- _Task_: Exact wording is required: give all the records again, minus the pictures.

==================================================

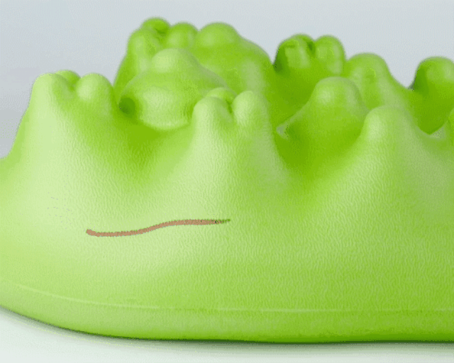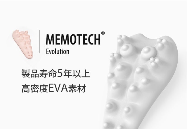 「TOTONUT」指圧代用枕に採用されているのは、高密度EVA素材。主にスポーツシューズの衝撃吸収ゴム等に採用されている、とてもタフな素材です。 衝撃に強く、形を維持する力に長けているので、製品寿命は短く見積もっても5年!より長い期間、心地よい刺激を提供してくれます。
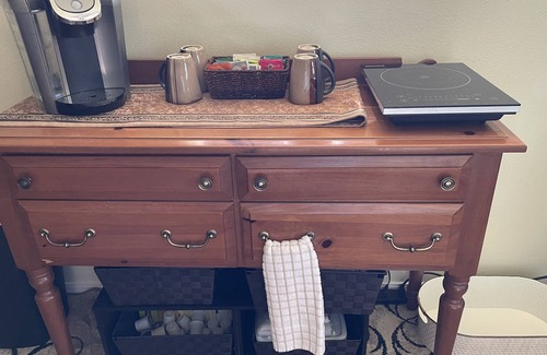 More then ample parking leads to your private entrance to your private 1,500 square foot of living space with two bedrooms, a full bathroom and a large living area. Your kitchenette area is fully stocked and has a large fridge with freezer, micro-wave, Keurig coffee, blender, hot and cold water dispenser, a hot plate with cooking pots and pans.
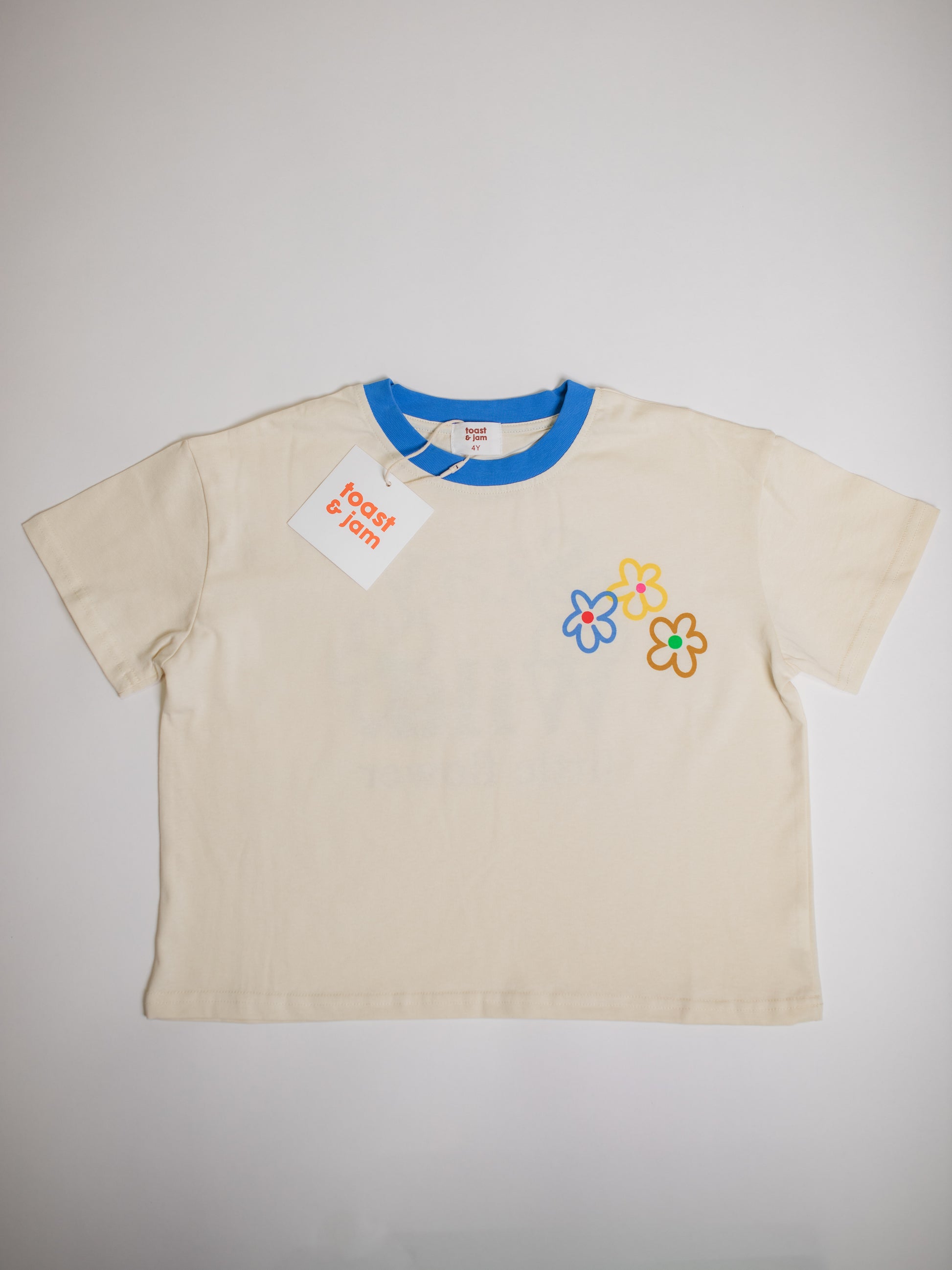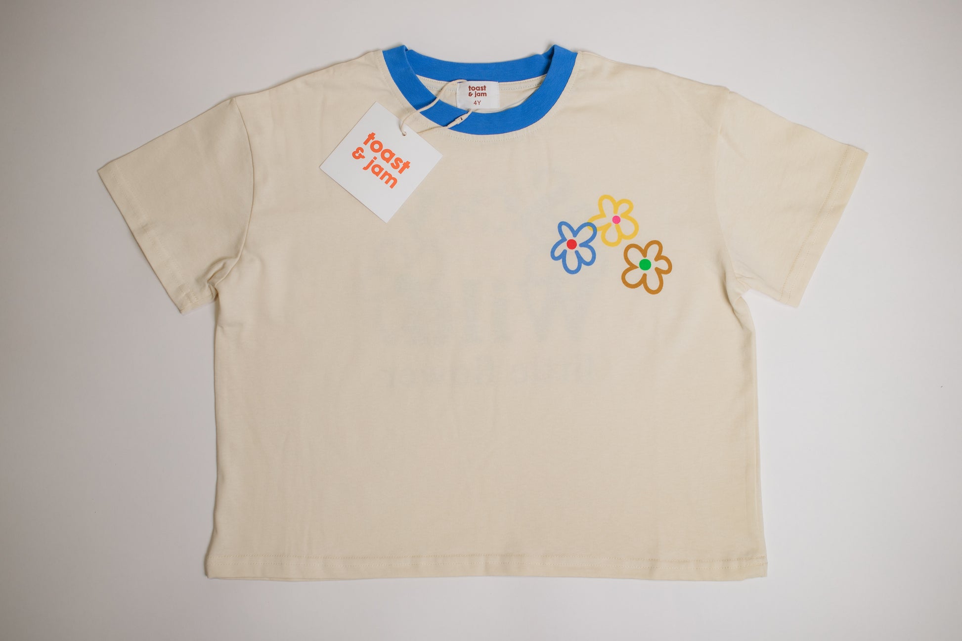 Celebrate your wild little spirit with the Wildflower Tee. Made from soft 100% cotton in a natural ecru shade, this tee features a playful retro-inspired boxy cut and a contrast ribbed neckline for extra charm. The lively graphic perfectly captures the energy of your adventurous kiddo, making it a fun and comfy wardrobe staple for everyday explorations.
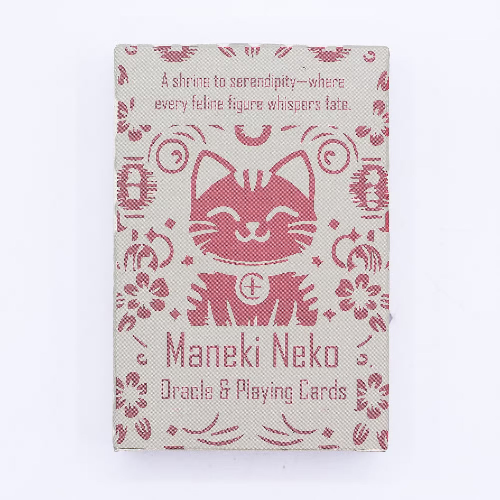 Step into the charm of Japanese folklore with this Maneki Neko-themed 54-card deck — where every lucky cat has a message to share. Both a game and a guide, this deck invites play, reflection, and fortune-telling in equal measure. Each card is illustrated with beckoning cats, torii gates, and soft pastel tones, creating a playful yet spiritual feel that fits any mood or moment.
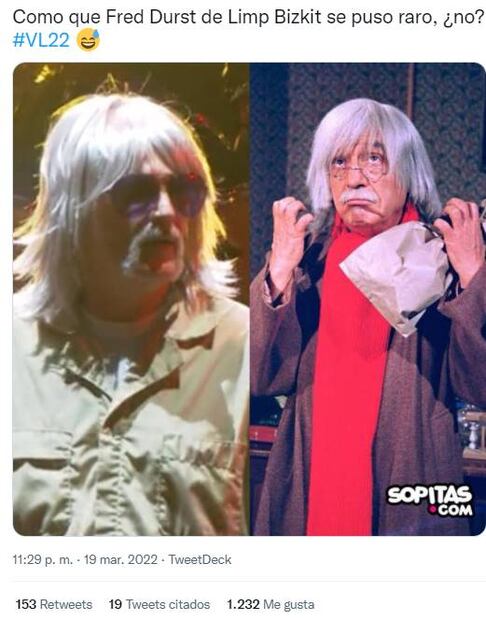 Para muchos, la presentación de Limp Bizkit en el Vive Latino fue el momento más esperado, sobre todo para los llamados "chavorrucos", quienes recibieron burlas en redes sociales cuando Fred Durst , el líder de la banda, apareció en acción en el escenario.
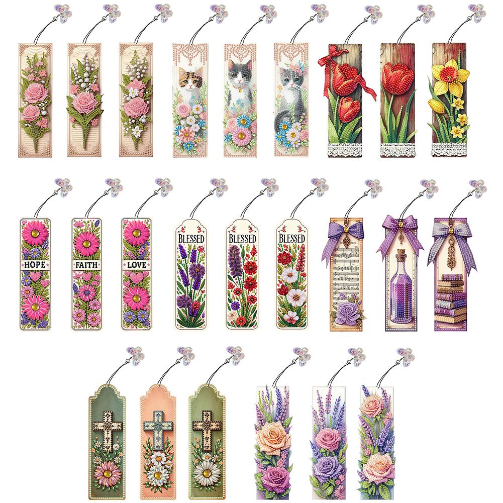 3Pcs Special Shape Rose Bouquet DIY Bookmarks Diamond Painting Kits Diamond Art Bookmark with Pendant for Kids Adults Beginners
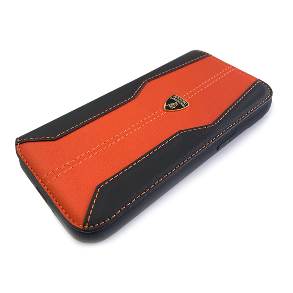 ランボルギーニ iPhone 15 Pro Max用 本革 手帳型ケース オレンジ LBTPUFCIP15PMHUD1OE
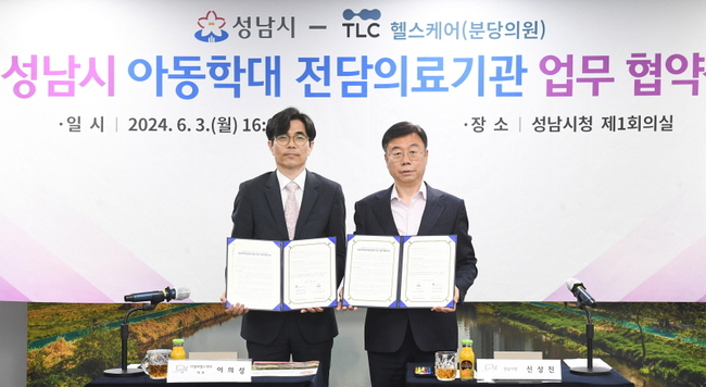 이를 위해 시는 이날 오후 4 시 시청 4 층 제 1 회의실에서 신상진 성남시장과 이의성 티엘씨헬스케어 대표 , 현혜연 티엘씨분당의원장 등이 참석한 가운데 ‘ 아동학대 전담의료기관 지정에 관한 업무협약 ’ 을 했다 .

==================================================

- _The completed task_:
 「TOTONUT」指圧代用枕に採用されているのは、高密度EVA素材。主にスポーツシューズの衝撃吸収ゴム等に採用されている、とてもタフな素材です。 衝撃に強く、形を維持する力に長けているので、製品寿命は短く見積もっても5年!より長い期間、心地よい刺激を提供してくれます。
 More then ample parking leads to your private entrance to your private 1,500 square foot of living space with two bedrooms, a full bathroom and a large living area. Your kitchenette area is fully stocked and has a large fridge with freezer, micro-wave, Keurig coffee, blender, hot and cold water dispenser, a hot plate with cooking pots and pans.
 Celebrate your wild little spirit with the Wildflower Tee. Made from soft 100% cotton in a natural ecru shade, this tee features a playful retro-inspired boxy cut and a contrast ribbed neckline for extra charm. The lively graphic perfectly captures the energy of your adventurous kiddo, making it a fun and comfy wardrobe staple for everyday explorations.
 Step into the charm of Japanese folklore with this Maneki Neko-themed 54-card deck — where every lucky cat has a message to share. Both a game and a guide, this deck invites play, reflection, and fortune-telling in equal measure. Each card is illustrated with beckoning cats, torii gates, and soft pastel tones, creating a playful yet spiritual feel that fits any mood or moment.
 Para muchos, la presentación de Limp Bizkit en el Vive Latino fue el momento más esperado, sobre todo para los llamados "chavorrucos", quienes recibieron burlas en redes sociales cuando Fred Durst , el líder de la banda, apareció en acción en el escenario.
 3Pcs Special Shape Rose Bouquet DIY Bookmarks Diamond Painting Kits Diamond Art Bookmark with Pendant for Kids Adults Beginners
 ランボルギーニ iPhone 15 Pro Max用 本革 手帳型ケース オレンジ LBTPUFCIP15PMHUD1OE
 이를 위해 시는 이날 오후 4 시 시청 4 층 제 1 회의실에서 신상진 성남시장과 이의성 티엘씨헬스케어 대표 , 현혜연 티엘씨분당의원장 등이 참석한 가운데 ‘ 아동학대 전담의료기관 지정에 관한 업무협약 ’ 을 했다 .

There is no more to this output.